I avoided terms like "good" and "bad" for a reason.

Yeah but graphics in anime and on cards are not modern art, we don't need to go into some deep philosophy of transfiguration of the commonplace. There is really no difference if it is Whitey MCWhite or Miss Qing Qiang Qiong drawing it if in the end it looks the same. So the paradox still stands.

Edited by BordOne
1 hour ago, BD Flory said:

I'm also happy that FFG is doing the work they want to do, and that they're excited about the product. I'm excited to play it. What's your point?

If you're not interested in the subject, nobody is forcing you to read the thread, much less post in it.

My point is that I personally applaud FFG for doing what they want, even though some of the people there must have known about how conversations like these were, very unfortunately, entirely predictable. I'll be sad if they buckle in a way that compromises their vision for their game and art.

I am interested in the subject. I like hearing what points low level people are making and the general vibe of the online presence. I'm also occasionally interested in providing an alternate view to this inane babble so that people don't get the wrong impressions of the general opinion on this stuff. Also, I like to challenge racism when I see it. And the fact is, I haven't once, not ONCE, come across an argument about cultural appropriation that wasn't essentially a bash of white people. Even in this thread the crux of the argument is that it would be completely acceptable for a Japanese guy to draw the art that some people here don't like, but a white guy doing it would be an affront. Balls to that.

Edited by Daigotsu Steve
2 hours ago, Ide Yoshiya said:

What is the argument here? Kamalakar is gaijin. Says so right on the card. Nobody's saying dark-skinned people doesn't exist in this world, just that it's not a trait that is likely to show up in a samurai family bloodline.

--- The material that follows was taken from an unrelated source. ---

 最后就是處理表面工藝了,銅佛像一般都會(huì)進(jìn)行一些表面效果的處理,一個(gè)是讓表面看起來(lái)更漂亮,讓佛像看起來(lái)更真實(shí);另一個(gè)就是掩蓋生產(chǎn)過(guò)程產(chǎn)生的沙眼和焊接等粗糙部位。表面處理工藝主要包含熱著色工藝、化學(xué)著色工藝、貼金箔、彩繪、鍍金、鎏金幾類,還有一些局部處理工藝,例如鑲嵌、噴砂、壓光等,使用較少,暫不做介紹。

Why are you looking for an argument here? I am merely syating the fact that the shifting goalpost here is confounding.

1 hour ago, Daigotsu Steve said:

My point is that I personally applaud FFG for doing what they want, even though some of the people there must have known about how conversations like these were, very, very unfortunately, entirely predictable. I'll be sad if they buckle in a way that compromises their vision for their game and art.

What buckle? FFG has a stated and demonstrated concern for inclusiveness and diversity. The assumption that this somehow betrays their vision doesn't really hold up to scrutiny.

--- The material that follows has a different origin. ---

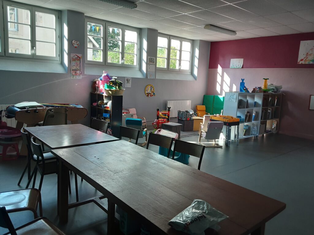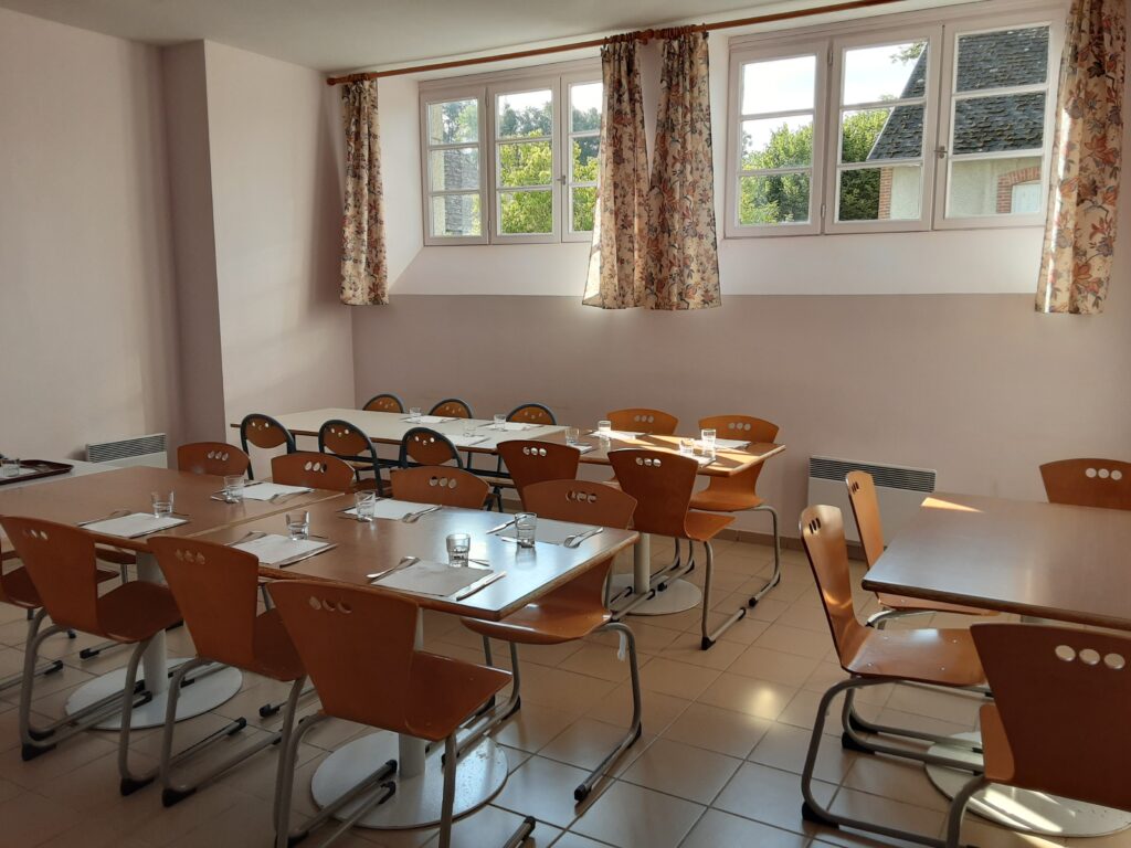 Les repas sont pris à la cantine, sur du mobilier adapté dans un cadre familial.

People keep talking about conversations that have happened elsewhere on the internet to justify what boils down to name-calling and bad behavior.

If you have a point to make, and genuinely want FFG to listen, maybe participating in the conversation being had here is a better way to be heard.

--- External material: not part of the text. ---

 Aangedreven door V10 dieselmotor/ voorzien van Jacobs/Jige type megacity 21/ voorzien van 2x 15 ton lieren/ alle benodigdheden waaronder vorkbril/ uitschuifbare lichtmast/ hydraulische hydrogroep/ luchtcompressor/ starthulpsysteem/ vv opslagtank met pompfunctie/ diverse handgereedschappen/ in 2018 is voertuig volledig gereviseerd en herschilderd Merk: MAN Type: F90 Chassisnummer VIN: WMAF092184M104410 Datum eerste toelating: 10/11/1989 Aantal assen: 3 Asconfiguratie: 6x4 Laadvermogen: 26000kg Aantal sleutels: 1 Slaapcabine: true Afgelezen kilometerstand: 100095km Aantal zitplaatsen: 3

Shosuko and I obviously disagree, for example, and have very different perspectives on the nature and meaning and use of art. We seem to be able to discuss it without much in the way of acrimony.

Edited by BD Flory
29 minutes ago, Bayushi Bajie said:

Why are you looking for an argument here? I am merely syating the fact that the shifting goalpost here is confounding.

At risk of misconstruing Ide Yoshiya's comment, I think their meaning here was more, "what are you saying?" than, "what are you fighting about?" :)

Edited by BD Flory
1 hour ago, BordOne said:

Yeah but graphics in anime and on cards are not modern art...

No, it isn't modern art. Personally, I think it's a lot more important to pay attention to what pop culture, mass culture and other widely distributed modes of art says about the world than modern art.

10 minutes ago, BD Flory said:

No, it isn't modern art. Personally, I think it's a lot more important to pay attention to what pop culture, mass culture and other widely distributed modes of art says about the world than modern art.

So how does the artwork on a piece of cardboard change it's meaning depending on what was the race of person that drew it?

There is no context in real world to speak of.

Again, it is not art in the gallery.